■ YOUR GOAL
Extract, word for word, each line from the line holding "266MHz,L2 256KB,Thoroughbred)の最安値推移 |" through the end of the records. Omit every picture.

■ SOURCE DATA
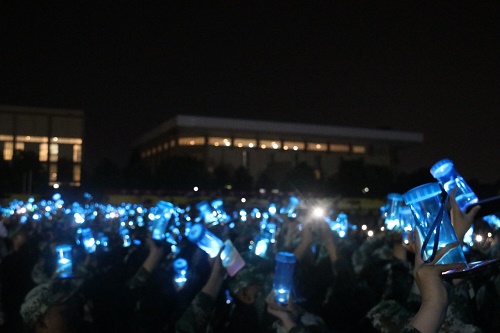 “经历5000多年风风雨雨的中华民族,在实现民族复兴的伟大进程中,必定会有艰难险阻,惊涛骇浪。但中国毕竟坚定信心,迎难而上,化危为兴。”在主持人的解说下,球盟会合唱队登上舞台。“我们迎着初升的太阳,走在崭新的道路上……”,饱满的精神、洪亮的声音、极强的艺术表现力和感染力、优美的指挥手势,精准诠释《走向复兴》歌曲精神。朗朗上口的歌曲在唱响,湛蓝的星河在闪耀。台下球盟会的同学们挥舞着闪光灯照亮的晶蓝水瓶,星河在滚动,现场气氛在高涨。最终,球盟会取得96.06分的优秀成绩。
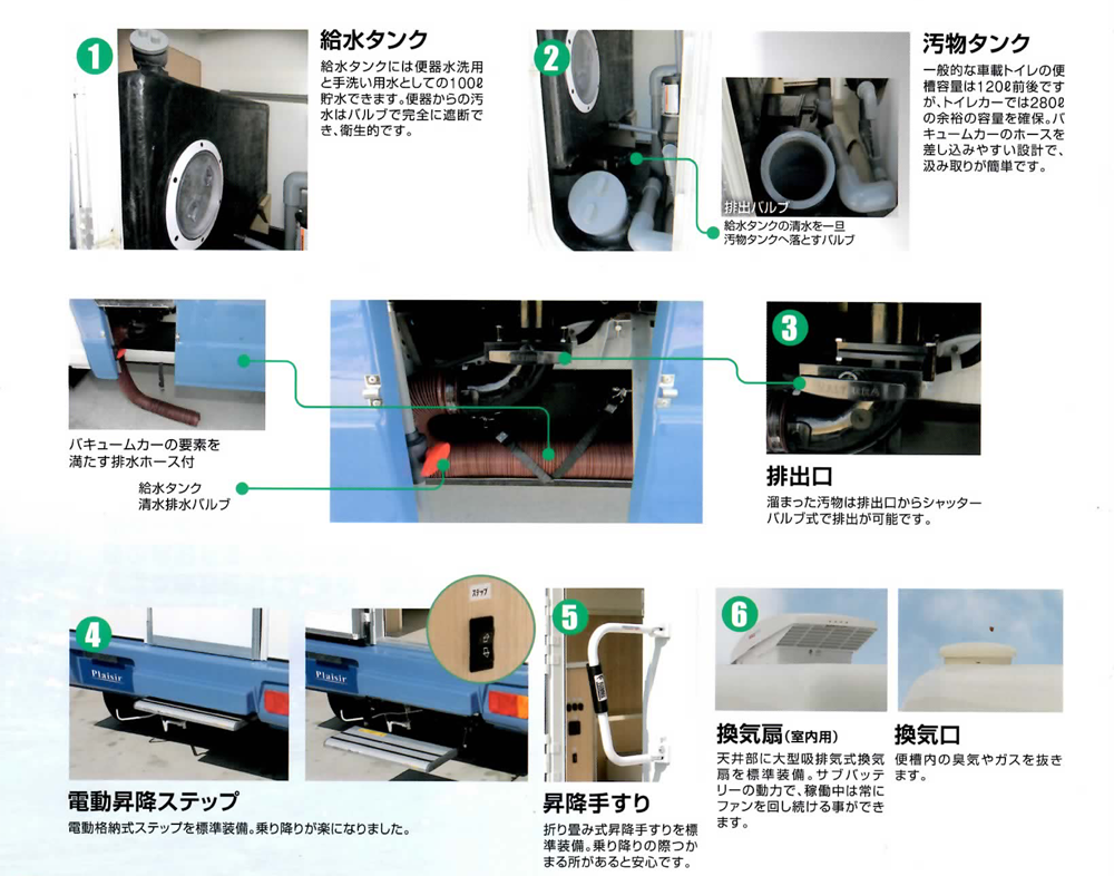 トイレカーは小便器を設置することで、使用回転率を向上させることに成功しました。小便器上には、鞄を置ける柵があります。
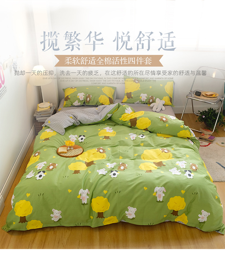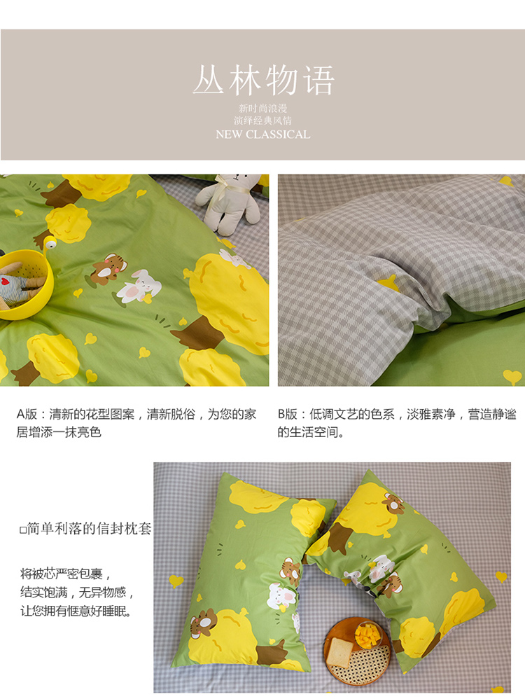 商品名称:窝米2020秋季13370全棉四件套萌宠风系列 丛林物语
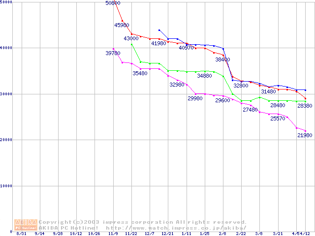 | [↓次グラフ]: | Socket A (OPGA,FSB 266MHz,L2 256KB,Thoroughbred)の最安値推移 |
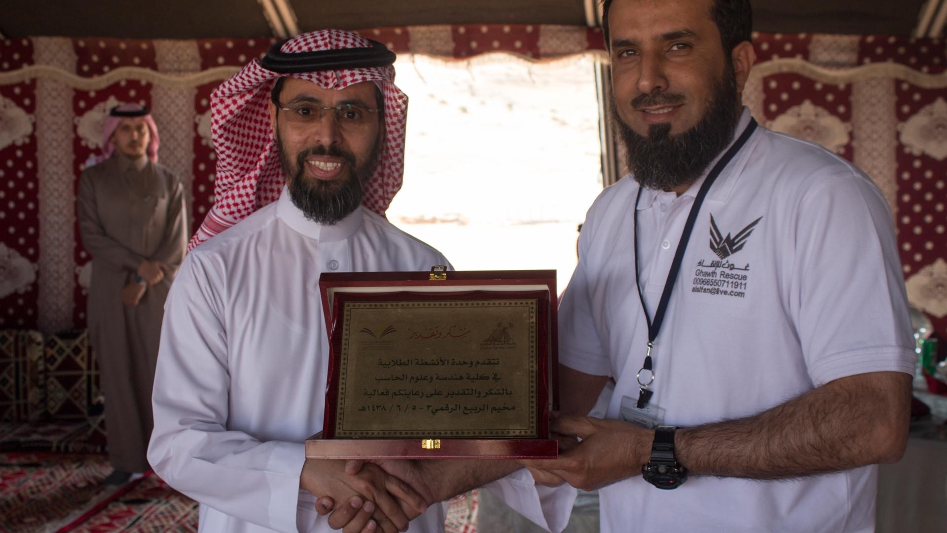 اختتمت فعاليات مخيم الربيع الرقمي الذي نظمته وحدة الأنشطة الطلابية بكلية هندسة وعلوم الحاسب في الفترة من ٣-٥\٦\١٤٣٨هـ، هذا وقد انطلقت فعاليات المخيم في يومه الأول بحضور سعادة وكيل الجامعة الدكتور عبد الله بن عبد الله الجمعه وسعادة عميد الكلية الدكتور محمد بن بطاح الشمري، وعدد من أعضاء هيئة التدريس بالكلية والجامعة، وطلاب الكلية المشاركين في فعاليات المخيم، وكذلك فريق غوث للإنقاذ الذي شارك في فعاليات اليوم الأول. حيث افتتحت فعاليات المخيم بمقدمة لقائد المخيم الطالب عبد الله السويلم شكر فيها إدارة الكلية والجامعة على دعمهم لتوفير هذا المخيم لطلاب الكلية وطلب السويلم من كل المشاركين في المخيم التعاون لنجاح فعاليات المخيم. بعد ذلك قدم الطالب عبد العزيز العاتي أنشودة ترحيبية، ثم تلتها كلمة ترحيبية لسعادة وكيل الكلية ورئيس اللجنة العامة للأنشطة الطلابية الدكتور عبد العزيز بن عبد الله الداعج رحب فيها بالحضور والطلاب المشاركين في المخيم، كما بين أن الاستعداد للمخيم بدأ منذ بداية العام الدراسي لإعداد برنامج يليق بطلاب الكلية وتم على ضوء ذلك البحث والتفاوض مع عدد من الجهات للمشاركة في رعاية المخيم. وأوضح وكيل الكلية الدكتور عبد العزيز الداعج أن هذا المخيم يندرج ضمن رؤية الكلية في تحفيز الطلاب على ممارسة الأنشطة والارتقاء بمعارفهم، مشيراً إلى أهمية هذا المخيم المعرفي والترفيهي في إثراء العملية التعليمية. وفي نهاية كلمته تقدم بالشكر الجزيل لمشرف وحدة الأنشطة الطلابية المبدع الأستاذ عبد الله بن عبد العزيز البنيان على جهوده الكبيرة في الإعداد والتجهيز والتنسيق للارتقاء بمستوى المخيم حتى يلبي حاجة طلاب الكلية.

■ RESPONSE
 | [↓次グラフ]: | Socket A (OPGA,FSB 266MHz,L2 256KB,Thoroughbred)の最安値推移 |
 اختتمت فعاليات مخيم الربيع الرقمي الذي نظمته وحدة الأنشطة الطلابية بكلية هندسة وعلوم الحاسب في الفترة من ٣-٥\٦\١٤٣٨هـ، هذا وقد انطلقت فعاليات المخيم في يومه الأول بحضور سعادة وكيل الجامعة الدكتور عبد الله بن عبد الله الجمعه وسعادة عميد الكلية الدكتور محمد بن بطاح الشمري، وعدد من أعضاء هيئة التدريس بالكلية والجامعة، وطلاب الكلية المشاركين في فعاليات المخيم، وكذلك فريق غوث للإنقاذ الذي شارك في فعاليات اليوم الأول. حيث افتتحت فعاليات المخيم بمقدمة لقائد المخيم الطالب عبد الله السويلم شكر فيها إدارة الكلية والجامعة على دعمهم لتوفير هذا المخيم لطلاب الكلية وطلب السويلم من كل المشاركين في المخيم التعاون لنجاح فعاليات المخيم. بعد ذلك قدم الطالب عبد العزيز العاتي أنشودة ترحيبية، ثم تلتها كلمة ترحيبية لسعادة وكيل الكلية ورئيس اللجنة العامة للأنشطة الطلابية الدكتور عبد العزيز بن عبد الله الداعج رحب فيها بالحضور والطلاب المشاركين في المخيم، كما بين أن الاستعداد للمخيم بدأ منذ بداية العام الدراسي لإعداد برنامج يليق بطلاب الكلية وتم على ضوء ذلك البحث والتفاوض مع عدد من الجهات للمشاركة في رعاية المخيم. وأوضح وكيل الكلية الدكتور عبد العزيز الداعج أن هذا المخيم يندرج ضمن رؤية الكلية في تحفيز الطلاب على ممارسة الأنشطة والارتقاء بمعارفهم، مشيراً إلى أهمية هذا المخيم المعرفي والترفيهي في إثراء العملية التعليمية. وفي نهاية كلمته تقدم بالشكر الجزيل لمشرف وحدة الأنشطة الطلابية المبدع الأستاذ عبد الله بن عبد العزيز البنيان على جهوده الكبيرة في الإعداد والتجهيز والتنسيق للارتقاء بمستوى المخيم حتى يلبي حاجة طلاب الكلية.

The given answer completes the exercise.